I wrote about this, rather extensively, back in Nygaard Notes #261 (July
2, 2004), in an article called "Grading the U.S. Infrastructur[Comment1] e:
"A Discouraging D-plus Overall," and I referred to it again last April
("Infrastructure, Schminfrastructure!"). Important as they are, the water and sewer problems (and the sinkholes they cause) are only the tip of the infrastructure iceberg. Here's a rundown of all the grades from the 2005 Report Card: The grades for both DRINKING WATER AND WASTEWATER declined from a D in 2001 to a D-minus in 2005. "Federal funding for wastewater improvements in 2005 is less than 10 percent of the total national requirement," says the Report.
The nation's NAVIGABLE
WATERWAYS? Down from a D-plus in 2001 to
a D-minus in 2005. Nearly 50 percent of America's locks and
canals "are functionally obsolete." The nation's ROADS declined from D-plus to a D in those four years.

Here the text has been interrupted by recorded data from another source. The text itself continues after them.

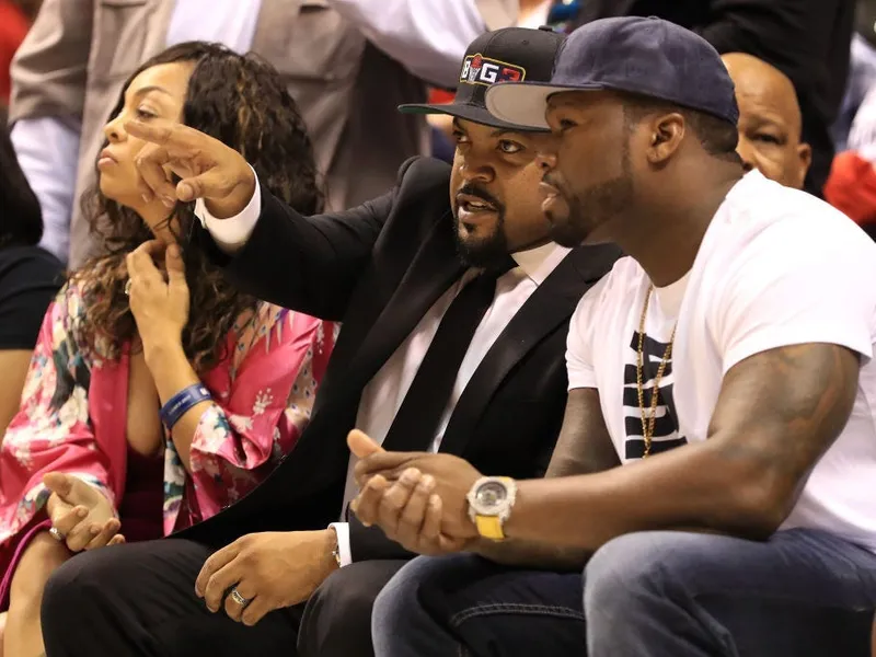 În fotografia originală, Ice Cube, al cărui nume real este O'Shea Jackson, purta o șapcă cu liga de baschet ”BIG3” și Curtis Jackson, alias 50 Cent, o șapcă cu New York Yankees.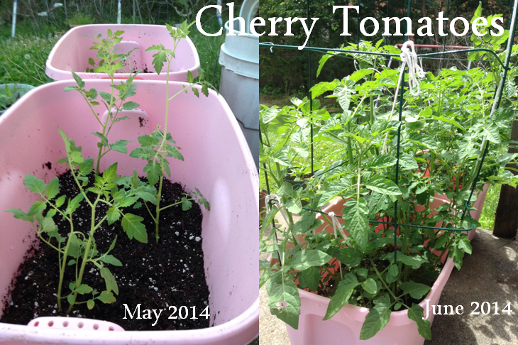I usually grow my cherry tomatoes cage-free, but this year I am testing it out. I am hoping the wire will keep it in line and allow it to grow taller. Also, I used some rope to help guide the plants upward and away from each other. Makes it easier to harvest.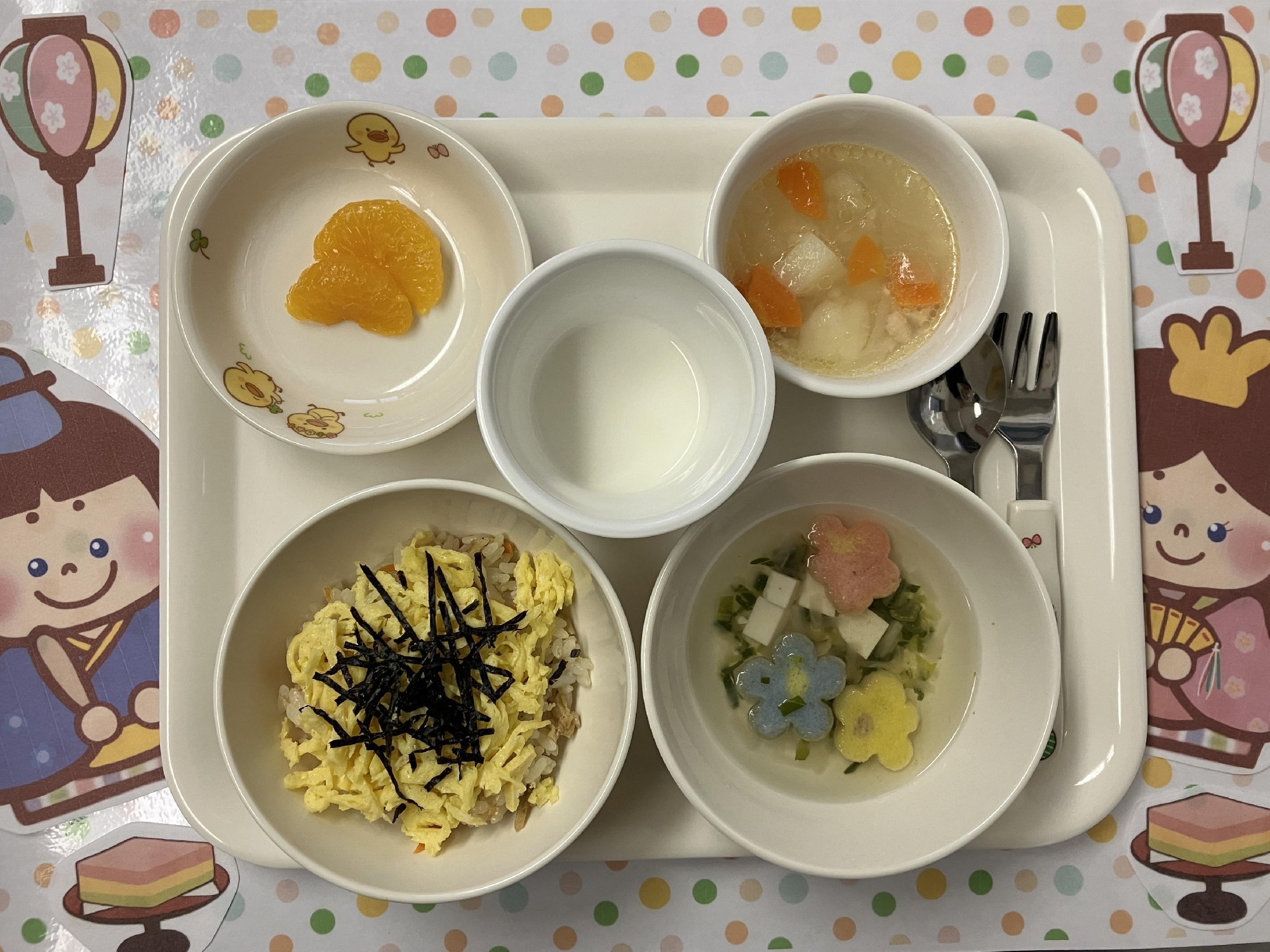 今日はひな祭りです🎎すまし汁の中にカラフルなお花のかたちのお麩が入っていて、子どもたちが笑顔になりました🌸いただきます。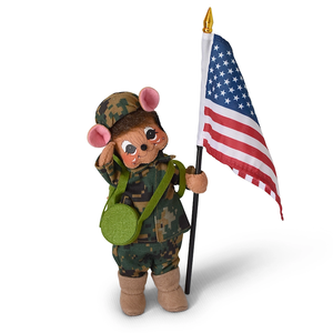 To commemorate all soldiers, both past and present, the elves have designed a new 8-inch Soldier Mouse. He stands tall and proud, holding an American flag, and wears camouflage fatigues and helmet and tan felt boots. His accessories include a canteen and a backpack, both made of felt.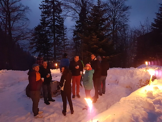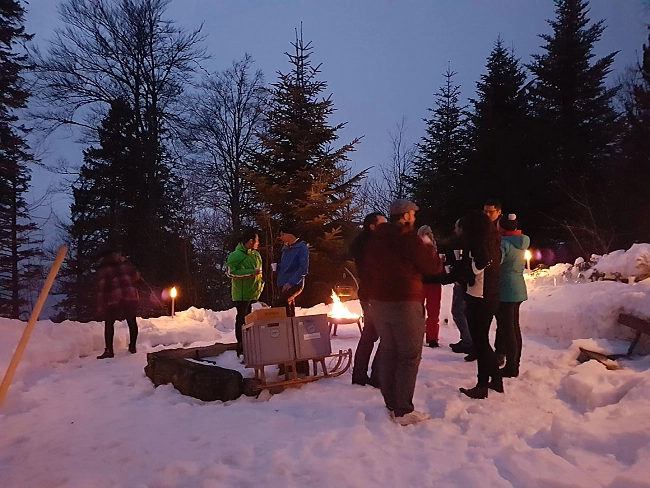 - Glühwein um das Feuer während des letzten Skiwochenendes am 26. Januar 2018 in Stoos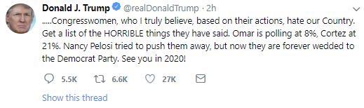 "Get a list of the HORRIBLE things they have said. Omar is polling at 8%, Cortez at 21%. Nancy Pelosi tried to push them away, but now they are forever wedded to the Democrat Party. See you in 2020!," the Tweet read.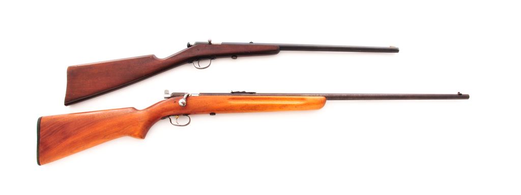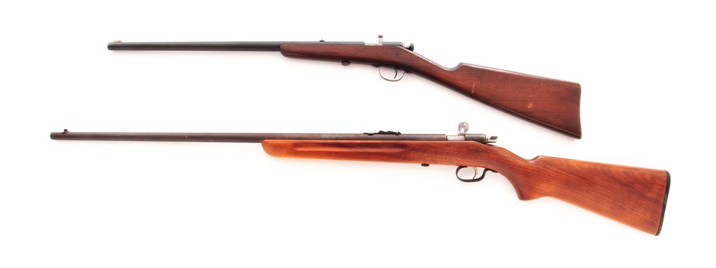Lot of Two (2) Single Shot Bolt Action Winchester Rifles: 1.) Model 58 Boys Rifle, NVSN, .22 S-L-LR cal., 18'' barrel, blue finish, straight grip wood stock, silver blade front sight, and dovetailed ''V''-notched rear sight. Top of barrel and bolt are both Winchester proofed. Condition is good. Metal surfaces are a combination darkening blue and light brown highlighted finish. Barrel address is clear and well defined. Wood with scattered scuffs and shallow scratches and the overall condition is consistent with the rest of the rifle. Left upper edge with a 3'' hairline crack that runs from the chamber to the rear of the receiver. Action is very good with an excellent bore. 2.) Model 67, NVSN, .22 S-L-LR cal., 27'' barrel, originally with a blue finish, pistol-grip walnut stock with finger grooved forend, black composition Winchester buttplate, dovetailed front sight, with standard elevator rear sight. Bolt is not complete as the cocking knob is missing. Metal rates poor to fair with overall speckled surface rust over a brown patina. Barrel address and Winchester proof marks are partially clouded by age and wear. Stock rates good with an older added light coat of finish and scattered moderate scuffs and handling marks. Bore is very good. Est.: $200-$400/lot. (Both/C&R)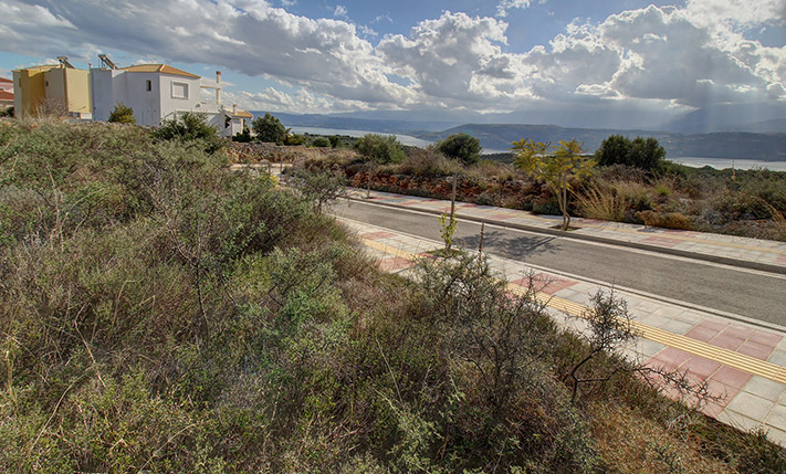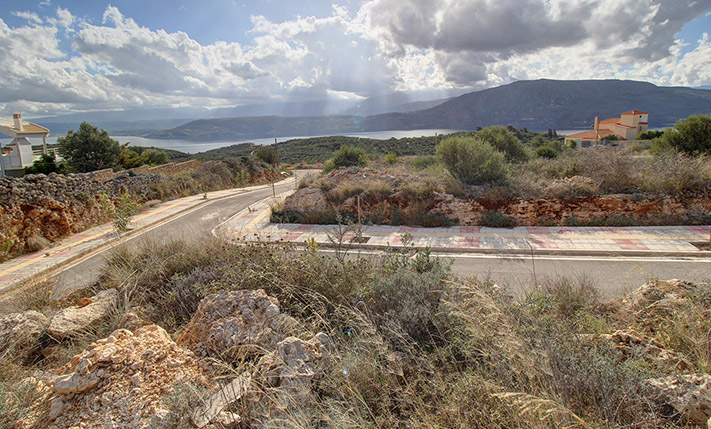 The plot is in a newly established neighborhood just outside the village Sternes of the municipal unit Akrotiri in the municipality Chania. A city plan has just been issued for the area and new roads have been constructed with new public utilities. The property is one of the privileged plots. It is rectangular, corner and has two frontages, one 30 m long on the south and one 15 m long on the east side. The ground has a gentle southern slope and therefore the views are currently panoramic towards the ridge of the White Mountains and over the bay of Souda. The plot is also located near the southern edge of the plan, which ensures views from several points, in the future.

The nation's TRANSIT SYSTEM, 2001-2005: Down from a C-minus to a D-plus.
The nation's BRIDGES: No
change. A "C" grade. "More than one in four bridges in the United
States is deficient, and many of those must be closed to heavy vehicles like
firetrucks and school buses." The nation's DAMS. No change here, either. The grade remained a D. "It will take more than $10 billion over the next 12 years to address all critical non-federal dams, dams which can pose a direct threat to human life should they fail. The nation's AVIATION infrastructure improved from a D to a D-plus. SCHOOLS also improved slightly, from a D-minus to a D. At the press conference announcing the release of the last "Report Card," ASCE president William P. Henry summed things up: "There you have it. Horrible commutes. Overcrowded schools. Crumbling bridges. Polluted water... We've given up time with our families, we've caved in to the stress of endless traffic, we spend a thousand times more on bottled water than we would on tap water. A generation ago, selling people water by the bottle was a joke, a bit like selling someone a bridge." And a crumbling bridge, at that. So what is the solution to our infrastructure crisis?
"We estimate it will take a
total investment of $1.6 trillion dollars over five years to bring the
infrastructure up to acceptable levels."